Civilised people do not believe that drug addiction and male prostitution offend against divine ordinance. But those who do are the men and women most willing to change the fetid bandages, replace the sodden sleeping bags and - probably most difficult of all - argue, without a trace of impatience, that the time has come for some serious medical treatment. Good works, John Wesley insisted, are no guarantee of a place in heaven. But they are most likely to be performed by people who believe that heaven exists.

The correlation is so clear that it is impossible to doubt that faith and charity go hand in hand. The close relationship may have something to do with the belief that we are all God's children, or it may be the result of a primitive conviction that, although helping others is no guarantee of salvation, it is prudent to be recorded in a book of gold, like James Leigh Hunt's Abu Ben Adam, as "one who loves his fellow men". Whatever the reason, believers answer the call, and not just the Salvation Army. When I was a local councillor, the Little Sisters of the Poor - right at the other end of the theological spectrum - did the weekly washing for women in back-to-back houses who were too ill to scrub for themselves.

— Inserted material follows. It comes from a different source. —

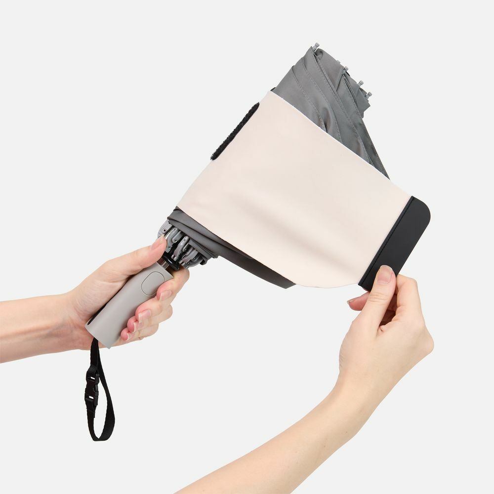 Складываясь после дождя, он прячет мокрую поверхность внутри, а сухая остается снаружи: в закрытом положении зонт не побеспокоит окружающих и не намочит одежду. Благодаря застежке на ремешке зонт удобно подвесить, например, на рюкзак.
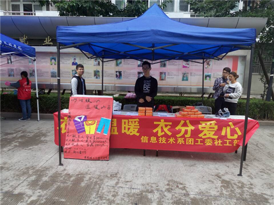 为了让孩子们感受温暖,让他们度过一个温暖的冬天。11月4日至11月6日,我系社工部志愿者们在朝阳餐厅前展开爱心收衣活动,此次收衣活动共持续3天。

It ought to be possible to live a Christian life without being a Christian or, better still, to take Christianity à la carte. The Bible is so full of contradictions that we can accept or reject its moral advice according to taste. Yet men and women who, like me, cannot accept the mysteries and the miracles do not go out with the Salvation Army at night.

The only possible conclusion is that faith comes with a packet of moral imperatives that, while they do not condition the attitude of all believers, influence enough of them to make them morally superior to atheists like me. The truth may make us free. But it has not made us as admirable as the average captain in the Salvation Army.